So John Boehner thinks the announced resignation of Christina Romer, in combination with the latest jobs report, is evidence the Obama administration needs to seriously retool its economic policy:
"After another disappointing jobs report and the resignation of one of the chief architects of the trillion-dollar ‘stimulus,' it's time for President Obama to listen to the American people and face up to the fact that his ‘stimulus' policies aren't working."
Set aside for a moment the fact that Boehner's logic leans heavily on how you define "working." (The stimulus may not have initiated a jobs recovery, but there's every reason to think it has prevented a far worse plunge.) David Dayen has a post up suggesting what lots of people already suspected -- that Romer's resignation was driven largely by frustration over her lack of voice in Obama's economic team, and her inability to get input past the firewall of Larry Summers and Tim Geithner. And a big theme of that frustration was the stimulus bill:
On macroeconomic issues, the policies of this White House have clearly been driven by the axis of Summers and Geithner. Romer's initial forecast for the stimulus, showing the need for a $1.2 trillion dollar jolt to the economy, was internally overruled.

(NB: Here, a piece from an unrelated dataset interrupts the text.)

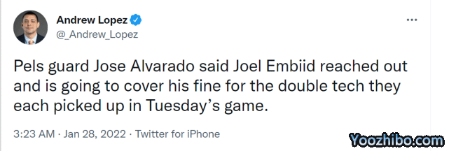 178直播01月28日讯 ,据NBA记者Andrew Lopez报道,鹈鹕后卫阿尔瓦拉多透露,76人中锋恩比德已经和他联系,将为他支付上一场比赛技犯的罚款。两人曾在上次交锋中发生口角,裁判当时给了双方技术犯规。一个球员愿意为发生冲突的对手掏钱,这还真是太罕见了!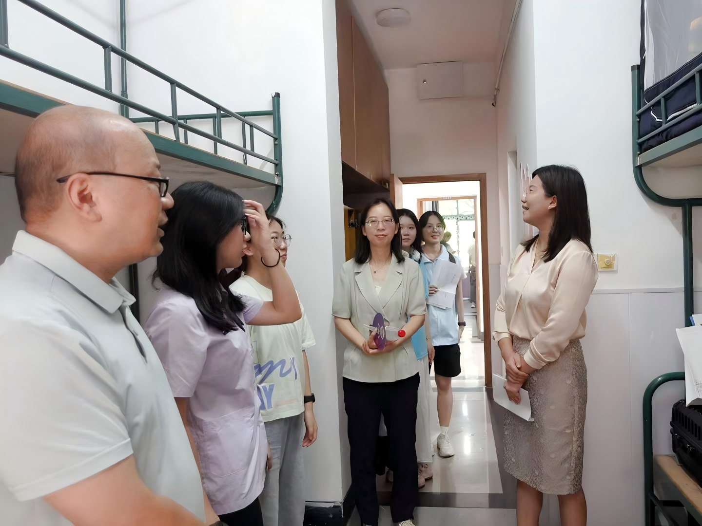 学院领导一行深入走访了下沙校区的新生寝室,与新同学亲切交流,并表达了欢迎和新学期问候。走访过程中,领导们细致入微地关心同学们的入住适应情况,并为九月份生日的新生送上生日祝福。

Of course, that Romer thought the stimulus wasn't big enough isn't what Boehner's hinting at, and isn't what he wants the American people to think. Boehner's reaction to the House's initial $819 billion package and his broader theory of jobs stimulus show his preferred level of government spending in this area is zero. Which means Boehner isn't engaging in a meaningful critique here, just raw political opportunism. Which, admittedly, isn't the most surprising thing coming from him.